The derivation is a simple conversion factor (e.g., 0.000001 kg = 1 milligram).

When you create a new database in openLCA, there is an option to include the default flow properties and unit groups, which is really helpful.
Unfortunately, there isn't an easy way to access these outside the software.

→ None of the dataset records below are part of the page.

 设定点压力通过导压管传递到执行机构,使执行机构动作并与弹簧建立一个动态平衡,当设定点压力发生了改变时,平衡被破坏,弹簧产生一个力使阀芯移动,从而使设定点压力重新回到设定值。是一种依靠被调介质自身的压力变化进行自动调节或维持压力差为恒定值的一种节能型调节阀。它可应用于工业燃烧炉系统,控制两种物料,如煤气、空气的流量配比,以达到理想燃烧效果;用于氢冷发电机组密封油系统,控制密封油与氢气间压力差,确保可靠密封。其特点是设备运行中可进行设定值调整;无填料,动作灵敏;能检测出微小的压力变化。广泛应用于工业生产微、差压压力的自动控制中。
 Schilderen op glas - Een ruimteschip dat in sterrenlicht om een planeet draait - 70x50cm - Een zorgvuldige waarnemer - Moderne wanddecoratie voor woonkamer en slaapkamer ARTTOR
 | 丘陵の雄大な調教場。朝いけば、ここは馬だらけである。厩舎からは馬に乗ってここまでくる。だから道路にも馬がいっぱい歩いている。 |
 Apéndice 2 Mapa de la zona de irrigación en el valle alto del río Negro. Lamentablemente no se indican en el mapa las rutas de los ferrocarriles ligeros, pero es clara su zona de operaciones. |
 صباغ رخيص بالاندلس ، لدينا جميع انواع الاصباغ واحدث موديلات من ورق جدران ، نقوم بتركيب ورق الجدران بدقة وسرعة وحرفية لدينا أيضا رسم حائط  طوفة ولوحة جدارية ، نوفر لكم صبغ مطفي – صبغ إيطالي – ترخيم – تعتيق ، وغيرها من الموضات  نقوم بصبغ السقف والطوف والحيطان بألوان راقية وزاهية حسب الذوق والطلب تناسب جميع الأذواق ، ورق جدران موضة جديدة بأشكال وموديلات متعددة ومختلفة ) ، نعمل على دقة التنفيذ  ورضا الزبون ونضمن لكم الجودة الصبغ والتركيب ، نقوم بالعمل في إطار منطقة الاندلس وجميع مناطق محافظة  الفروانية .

The Federal LCA Commons' Elementary Flow List has these defaults defined.
The code below reads the data from this list and generates lists of the olca-schema objects.

In [None]:
# CODE EXCERPT FROM ELECTRICITYLCI

import json
import io
import logging
import os
from zipfile import ZipFile

import requests


def _archive_json(data_list, file_path):
    """Write a list of dictionaries to a JSON file.

    Parameters
    ----------
    data_list : list
        A list of dictionaries.
    file_path : str
        A valid filepath to be written to (CAUTION: overwrites existing data)
    """
    logging.debug("Writing %d items to %s" % (len(data_list), file_path))
    out_str = ",".join([json.dumps(x.to_dict()) for x in data_list])
    out_str = "[%s]" % out_str
    with open(file_path, 'w') as f:
        f.write(out_str)


def _read_fedefl(data_dir="."):
    """Return list of GreenDelta's unit group and flow property objects.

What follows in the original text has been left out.